Let’s review what I had to do just to understand 1/11th of the graph: (1) Map a color to the behavior code using the legend. (2) Map the behavior code to the actual behavior. (3) Map the behavior back to the color in the graphic.
Why is this poor design? It places too much of a burden on the reader. It requires an unnecessary number of steps to make sense of what the figure is actually showing. This is the sort of approach someone would take to intentionally obfuscate. Additionally, even if the authors preserved this scheme, the reader’s insights could be hastened by letting the reader know (e.g. with an arrow and annotation by the legend) that there is a biologically useful ordering to the colors: lighter colors represent more learning to pull the string in this experiment.
————
This is one example of lots of graphs that make use complex legends. They don’t have to. There are alternatives.
All my criticisms and the three steps traced out above could be demolished simply by labeling the colors with the full names of the behavior directly on the graph. The reader’s eyes could stay on the graph instead of roaming from the graph to the legend to the table back to the graph. Notably, there are several packages in R to facilitate the labeling of points / groups in graphs automatically: ggrepel is one and directlabels is another.
Nature methods has an awesome ongoing section about graphics: http://blogs.nature.com/methagora/2013/07/data-visualization-points-of-view.html lists them all.
For complex datasets, your visualizations might benefit from taking a step back and trying to think of how the point you're trying to make could be best represented, whether or not it uses the relatively routine technique discussed below. Some of the best graphs I've seen have been innovate, new plot types that are intuitive, natural for the data the author's present, and immediately intuitive. All your plots should be like that, but sometimes all it takes is using a routine plot type.
I like to experiment with different plot types to create visualizations that I think are honest but intuitive. Except if the graph is sort of different from what's usually done, even if it's relatively simple, people are going to hit a roadblock and think "What am I looking at? Do I know what all the elements of the plot mean?" Even the plot is better in some way, if it's not immediately recognizable, it can become suspect. People tend to like things they immediately understand.
As you experiment with different types of plots, be aware that people might not different plot types. Someone used to looking at boxplots might be confused and frustrated with confronted with a sinaplot (see below). But if we just cater to what makes people feel good inside, our visualizations won't improve and our ability to communicate and do science suffers.
categorical: a variable that takes one of some number of values (categories).If you have a treatment and control group, these are categorical and treatment is a categorical variable. Also called a discrete or qualitative variable.

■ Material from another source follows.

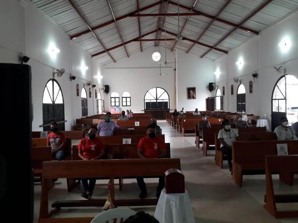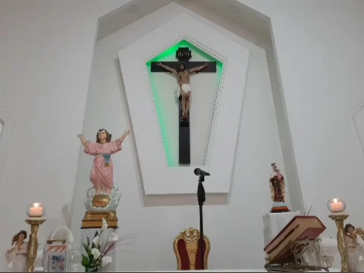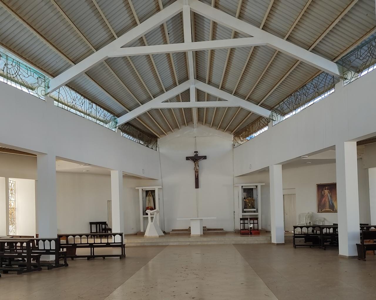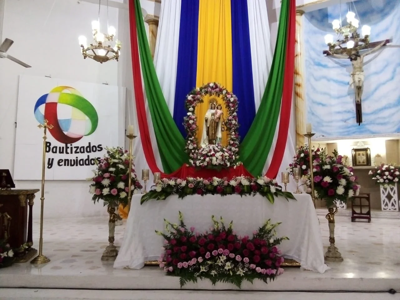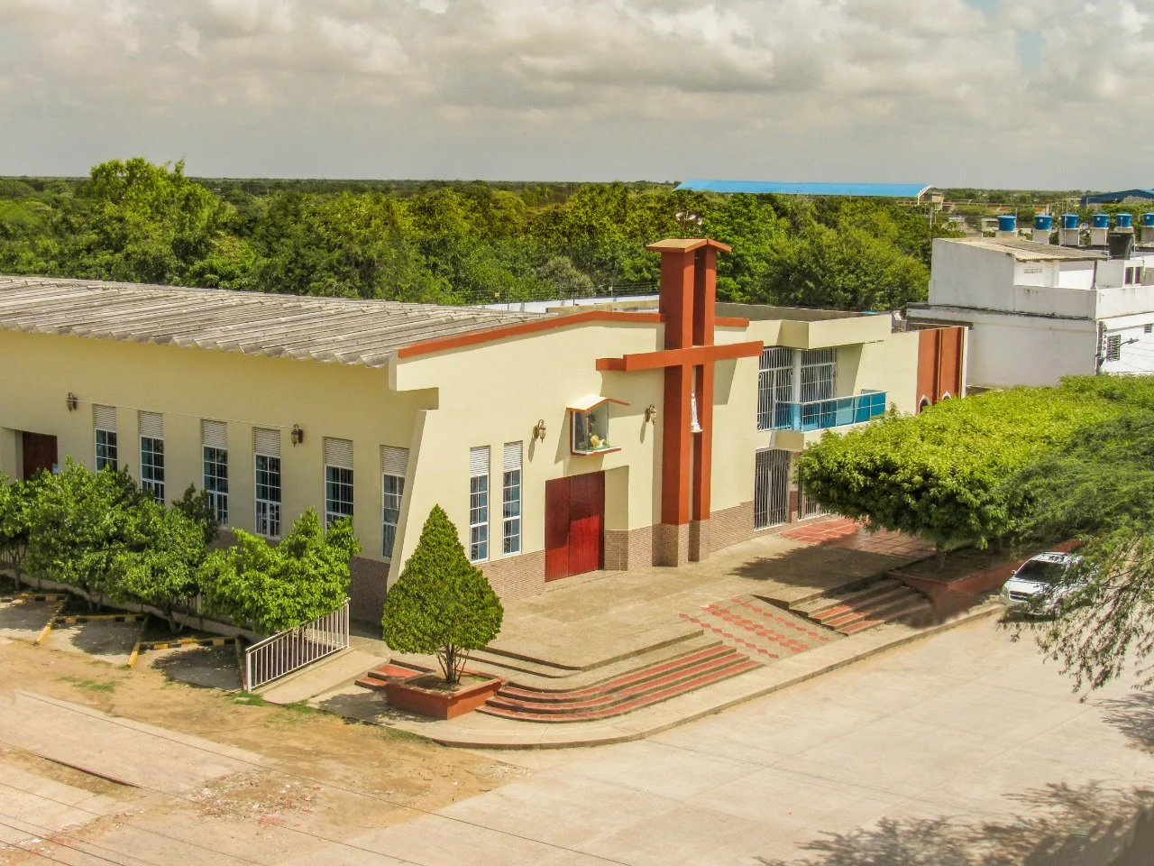 escuela en vez de una de una iglesia católica, fue cuando las personas que lideraban la construcción reunieron al resto de la comunidad católica para impedir que las actividades y los recursos que se recaudaran fueran para un escuela y se terminara la iglesia que la comunidad deseaba, decidieron buscar en la comunidad personas con conocimiento en construcción e iniciaron a fabricar los bloques en la cancha del barrio los días de semana y el sábado se instalaban en el templo hasta que alcanzo el alto de viga, posterior a esto se hicieron varias visitas al obispo para solicitarle un sacerdote para iniciar dando misas el obispo les dijo que convencieran al sacerdote de la iglesia Nuestra Señora del Carmen el Presbítero RAFAEL SIERRA, el cual estuvo muy reacio a realizar estas misas porque este sector se había independizado del barrio el Carmen, después de otras visitas al obispo nuevamente les insistió que hablaran con el Padre Sierra, la señora Idamis se dirigió hasta donde él fue entonces cuando accedió a realizar las misas todos los domingos debajo del trupillo que está al lado del templo.

continuous: a variable that takes only position on the real line within some range. The miles per gallon that your car gets does not fall into categories: it's simply some number greater than zero. Also called a quantitative variable.
A really common type of plot is used to show the relationship between a categorical variable on the x-axis and a continuous variable on the y-axis. Here are some different types of plots you might use to represent that data:
| plot type | information shown | in ggplot | shows the data? | shows summary? | shows sample size? |
|---|---|---|---|---|---|
| bar plot | using just means. sometimes some measure of variation (standard error or standard deviation) | geom_bar() or geom_col() |
no | yes | no |
| boxplot | five number summary (the location of each quartile + the median) + any outliter | geom_boxplot() |
no | yes | no |
| beeswarm | all the data points arranged to reduce overploting | geom_beeswarm() in the ggbeeswarm package |
yes | no | |
| jitter plot | the data jittered about the x-axis | geom_jitter() |
yes | no; can sometimes show a line for the mean | yes |
| violin plot | smoothed density kernel of each subset of data (think smoothed histogram, corrected for differences in sample size) | geom_violin() |
no | no | no |
| sinaplot | the data arranged so that they form a violin-like plot | geom_sina in the ggforce package |
yes | no | yes |
Usually people immediately go for a bar plot or a boxplot. Bar plots, from a data visualization standpoint, are pretty useless. They represent a single summary statistic for each your groups of data, though they do that really well: a bar is easy to see and compare with other bars. The same can't really be said for a boxplot, but a boxplot does give you a sense of how the data are distributed.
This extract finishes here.